Transcribe exactly the line with "Retro Bigfoot eller" and each line that follows it in the listing, down to the last, omitting all pictures.

Material provided -
"""
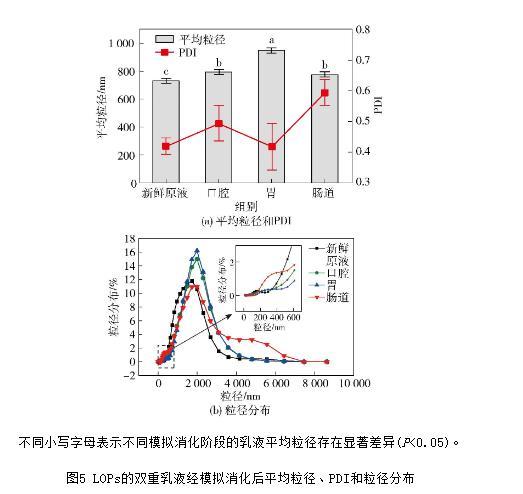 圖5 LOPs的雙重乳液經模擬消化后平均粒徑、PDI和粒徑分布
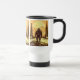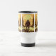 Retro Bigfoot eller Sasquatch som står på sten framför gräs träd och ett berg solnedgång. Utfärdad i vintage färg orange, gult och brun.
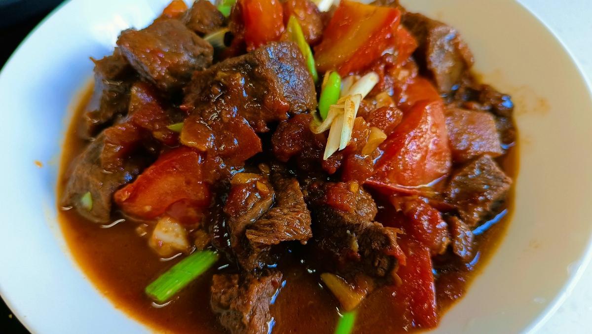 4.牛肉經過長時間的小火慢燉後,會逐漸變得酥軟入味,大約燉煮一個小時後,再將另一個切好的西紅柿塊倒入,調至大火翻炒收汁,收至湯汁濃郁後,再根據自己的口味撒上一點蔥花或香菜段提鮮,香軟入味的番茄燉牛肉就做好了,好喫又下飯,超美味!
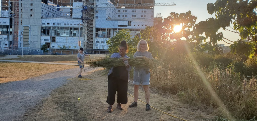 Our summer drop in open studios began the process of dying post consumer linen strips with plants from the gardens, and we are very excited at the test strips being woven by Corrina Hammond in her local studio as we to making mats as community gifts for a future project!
"""
Exercise solution -
 Retro Bigfoot eller Sasquatch som står på sten framför gräs träd och ett berg solnedgång. Utfärdad i vintage färg orange, gult och brun.
 4.牛肉經過長時間的小火慢燉後,會逐漸變得酥軟入味,大約燉煮一個小時後,再將另一個切好的西紅柿塊倒入,調至大火翻炒收汁,收至湯汁濃郁後,再根據自己的口味撒上一點蔥花或香菜段提鮮,香軟入味的番茄燉牛肉就做好了,好喫又下飯,超美味!
 Our summer drop in open studios began the process of dying post consumer linen strips with plants from the gardens, and we are very excited at the test strips being woven by Corrina Hammond in her local studio as we to making mats as community gifts for a future project!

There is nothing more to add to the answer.